• [Stored data]:
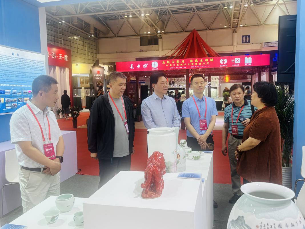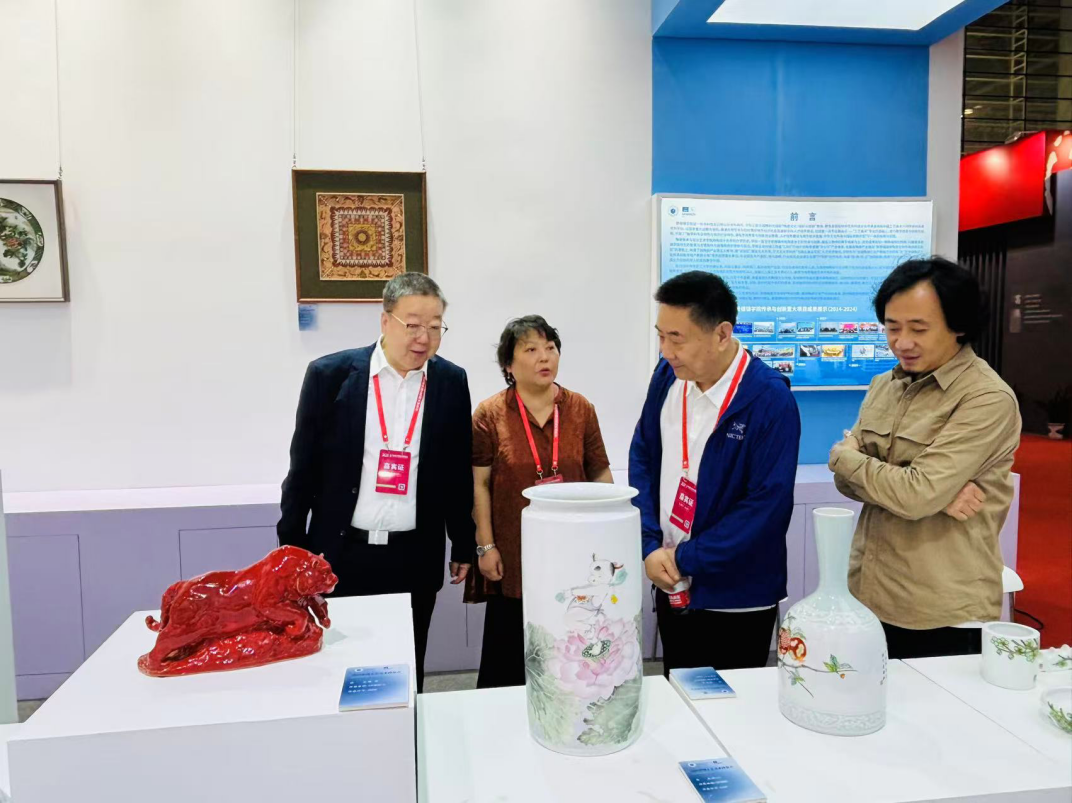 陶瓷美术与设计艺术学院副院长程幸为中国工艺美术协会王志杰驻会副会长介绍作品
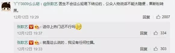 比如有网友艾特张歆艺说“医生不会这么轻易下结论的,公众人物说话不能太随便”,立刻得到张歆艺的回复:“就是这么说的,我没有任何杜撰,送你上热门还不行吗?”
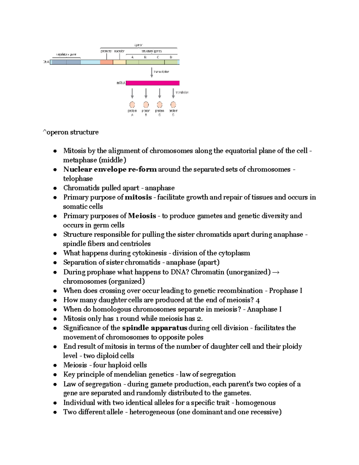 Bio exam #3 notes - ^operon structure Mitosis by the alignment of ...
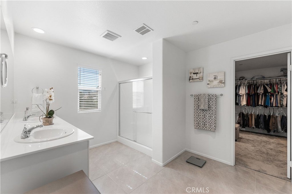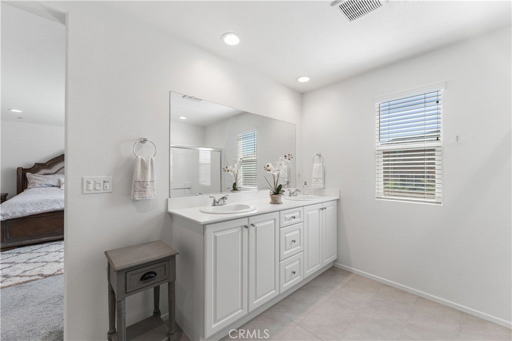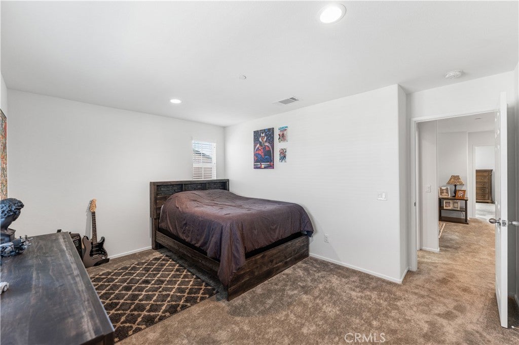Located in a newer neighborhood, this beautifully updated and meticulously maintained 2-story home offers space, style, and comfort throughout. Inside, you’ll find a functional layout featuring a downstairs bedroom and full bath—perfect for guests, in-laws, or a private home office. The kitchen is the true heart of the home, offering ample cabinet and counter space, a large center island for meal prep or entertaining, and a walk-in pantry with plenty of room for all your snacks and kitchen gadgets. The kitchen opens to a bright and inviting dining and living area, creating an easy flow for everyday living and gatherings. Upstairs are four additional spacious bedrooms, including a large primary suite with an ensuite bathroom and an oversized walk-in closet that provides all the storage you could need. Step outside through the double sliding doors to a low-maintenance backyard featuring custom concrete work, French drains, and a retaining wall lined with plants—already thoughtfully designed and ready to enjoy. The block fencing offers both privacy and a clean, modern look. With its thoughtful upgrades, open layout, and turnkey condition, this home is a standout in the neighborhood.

...

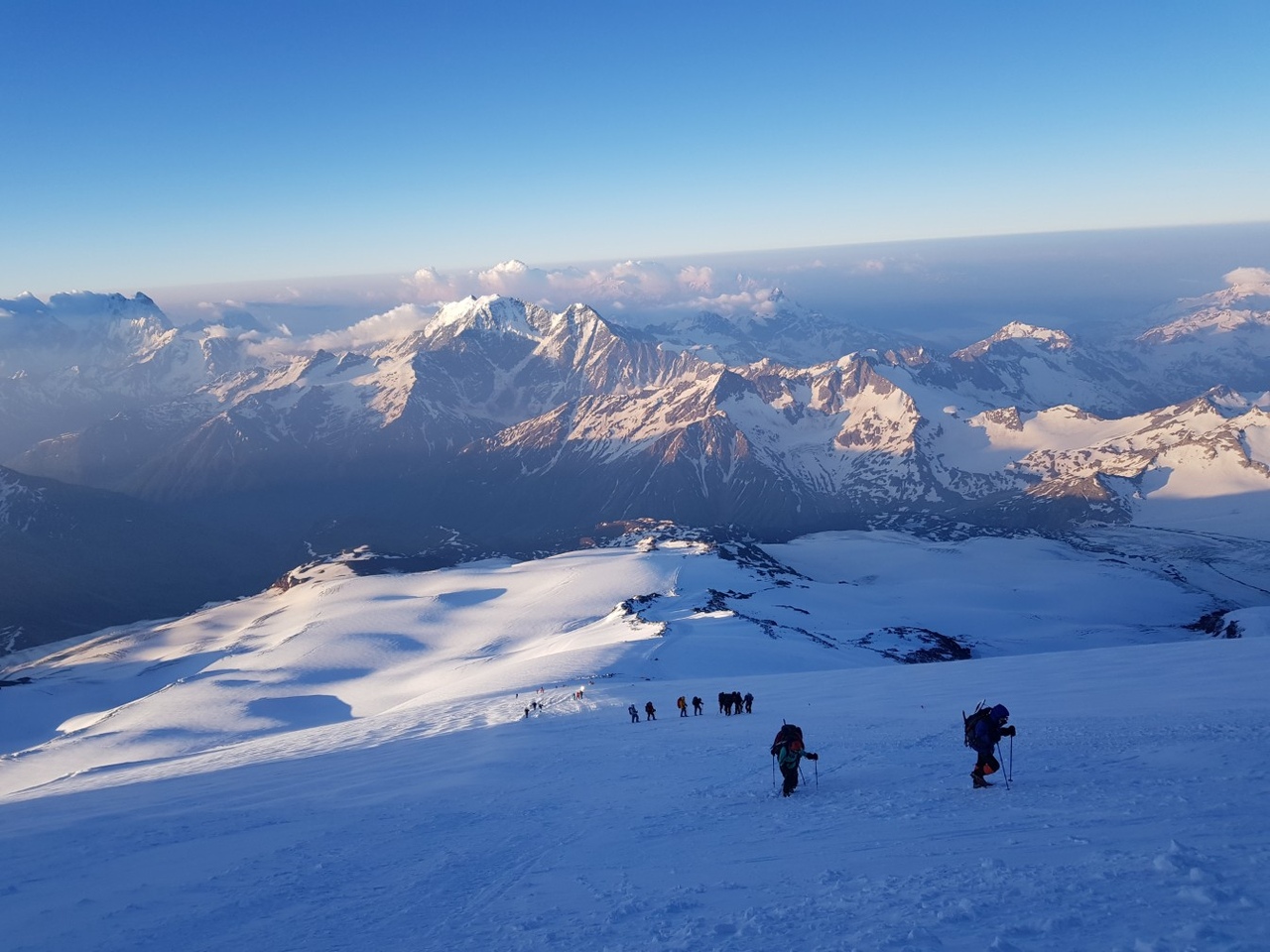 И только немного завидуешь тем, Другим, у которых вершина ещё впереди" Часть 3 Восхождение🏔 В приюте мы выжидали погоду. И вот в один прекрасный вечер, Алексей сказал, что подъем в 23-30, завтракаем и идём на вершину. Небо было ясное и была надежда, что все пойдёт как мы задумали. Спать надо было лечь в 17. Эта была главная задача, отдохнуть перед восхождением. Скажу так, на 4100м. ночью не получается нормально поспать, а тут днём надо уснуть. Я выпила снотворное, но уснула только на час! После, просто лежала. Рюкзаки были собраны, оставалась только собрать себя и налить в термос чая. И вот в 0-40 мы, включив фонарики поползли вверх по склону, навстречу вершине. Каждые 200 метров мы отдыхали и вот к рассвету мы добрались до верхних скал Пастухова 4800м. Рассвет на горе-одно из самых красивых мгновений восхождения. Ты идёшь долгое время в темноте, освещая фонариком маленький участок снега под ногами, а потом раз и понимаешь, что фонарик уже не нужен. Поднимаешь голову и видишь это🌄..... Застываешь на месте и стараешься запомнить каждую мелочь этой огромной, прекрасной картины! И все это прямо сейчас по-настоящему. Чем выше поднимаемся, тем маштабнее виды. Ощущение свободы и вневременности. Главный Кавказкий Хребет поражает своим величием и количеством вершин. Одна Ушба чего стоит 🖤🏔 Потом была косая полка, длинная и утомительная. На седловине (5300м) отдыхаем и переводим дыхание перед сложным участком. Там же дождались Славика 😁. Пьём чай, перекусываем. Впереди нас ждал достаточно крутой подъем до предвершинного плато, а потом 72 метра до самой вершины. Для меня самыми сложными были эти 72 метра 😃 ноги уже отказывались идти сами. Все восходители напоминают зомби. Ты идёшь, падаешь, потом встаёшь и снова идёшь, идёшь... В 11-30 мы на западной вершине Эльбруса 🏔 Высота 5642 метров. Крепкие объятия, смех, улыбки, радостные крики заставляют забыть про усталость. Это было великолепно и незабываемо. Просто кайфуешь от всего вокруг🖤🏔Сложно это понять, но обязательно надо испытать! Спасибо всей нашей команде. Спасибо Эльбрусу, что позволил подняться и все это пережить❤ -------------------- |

• [Your objective]:
Write out exactly the lines above between the one with "陶瓷美术与设计艺术学院副院长程幸为中国工艺美术协会王志杰驻会副会长介绍作品" and the one with "Located in a", inclusive, with pictures left out.

• [Output for this exercise]:
 陶瓷美术与设计艺术学院副院长程幸为中国工艺美术协会王志杰驻会副会长介绍作品
 比如有网友艾特张歆艺说“医生不会这么轻易下结论的,公众人物说话不能太随便”,立刻得到张歆艺的回复:“就是这么说的,我没有任何杜撰,送你上热门还不行吗?”
 Bio exam #3 notes - ^operon structure Mitosis by the alignment of ...
Located in a newer neighborhood, this beautifully updated and meticulously maintained 2-story home offers space, style, and comfort throughout. Inside, you’ll find a functional layout featuring a downstairs bedroom and full bath—perfect for guests, in-laws, or a private home office. The kitchen is the true heart of the home, offering ample cabinet and counter space, a large center island for meal prep or entertaining, and a walk-in pantry with plenty of room for all your snacks and kitchen gadgets. The kitchen opens to a bright and inviting dining and living area, creating an easy flow for everyday living and gatherings. Upstairs are four additional spacious bedrooms, including a large primary suite with an ensuite bathroom and an oversized walk-in closet that provides all the storage you could need. Step outside through the double sliding doors to a low-maintenance backyard featuring custom concrete work, French drains, and a retaining wall lined with plants—already thoughtfully designed and ready to enjoy. The block fencing offers both privacy and a clean, modern look. With its thoughtful upgrades, open layout, and turnkey condition, this home is a standout in the neighborhood.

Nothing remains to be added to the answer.